This is the first salad recipe I’ve ever posted, and there’s a reason for that: I’m the sad, sad queen of letting bags of leafy greens turn to slime in my fridge, because salads don’t excite me enough to make the effort to, you know, put them in a bowl. Until now. I’m not exaggerating when I say I’ve been eating citrus kale salad almost every day, because it’s wonderful and delicious and beautiful. Between the slight bitterness of the kale and a tangy dressing, the oranges taste extra sweet, and their juiciness is everything I never knew my salads were missing.
I had a very similar salad at a friend’s house (the same meal, incidentally, where we were served this awesome quiche). I found myself thinking about it a couple of weeks ago and texted her to find out about the dressing she used, and it launched my current obsession. I love that I can prep all the components ahead of time and have them ready in the fridge, and I’m looking forward to a daily salad for the first time in my liiiiife.

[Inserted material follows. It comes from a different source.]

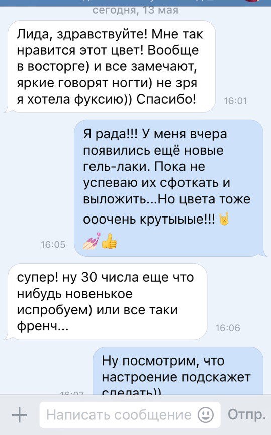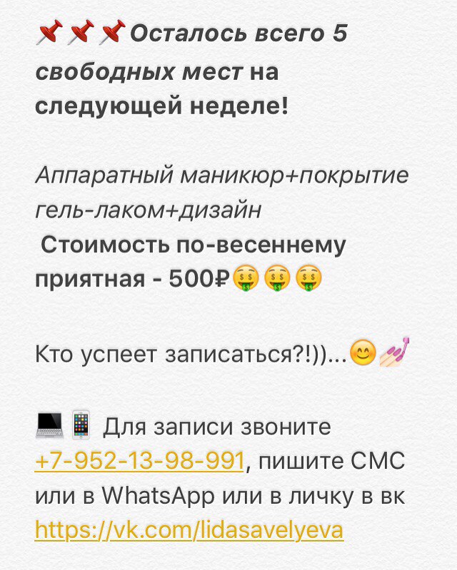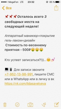 Девочки, каждый раз перед записью (ориентировочно за сутки!!!) я отправляю вам так называемую СМС-напоминалку. До вечера того дня, когда было отправлено СМС, я жду от вас подтверждения о том, что вы приедете. Отправить подтверждение Вы можете любым способом - хоть ответом на СМС, хоть звонком, хоть сообщением в ЛС или в WhatsApp...Вообщем, хоть как) А теперь о не совсем приятном... Без подтверждения я могу на ваше место записать другого человека или вовсе заняться своими делами) Прошу понимания и без обид)))

So: you need some thinly sliced oranges. I’ve been buying both cara cara oranges and navel oranges because the gorgeousness of having both of them on my salad makes me really happy. Plus, my 4-year-old thinks pink oranges are thebomb.com. I cut off the two ends, then slice off the peel, and cut the oranges into thin slices. (You could be really fancy and cut between all the sections, but don’t bother.) You can also use clementines, or canned mandarin oranges.
You also need a super simple dressing made of lemon juice (lime works, too!), olive oil, honey, and salt and pepper. See the notes below the recipe for info on the ratio and how to make this in any quantity you want. I like to make it in a little jar so I can store it in the fridge, then shake it up and dress my salad each day!
Then, of course, you need some kale. You can buy it already cut up, but I actually prefer to buy it in a bunch and pick the leafy parts off of the ribs myself, since I’ve found that you have to kind of sort through the bagged kind for the rib pieces they missed.
The key, key, most important thing to a delicious citrus kale salad is to rub the kale. I like the dressing to be really light and evenly distributed, so I drizzle it on and then scrunch, squeeze, rub, and massage the kale leaves for about 30 seconds. (You could also do this with just a pinch of salt.) They get much more tender and turn dark green, and it also makes it look like about half the amount you started with!
Then just load up your bowl with your dressed greens, a sprinkle of toasted almonds, some craisins, and so.much.delicious.citrus. Seriously, I aim for an orange slice in each bite.
I’ve mostly been eating this alongside whatever else I’ve scrounged up for lunch, but we’ve also had it as a refreshing side with soup, pasta, and anything on the grill. It would be such a beautiful dish to add to a brunch table or a wedding or baby shower. Basically, the right time to eat citrus kale salad is every day. Join me!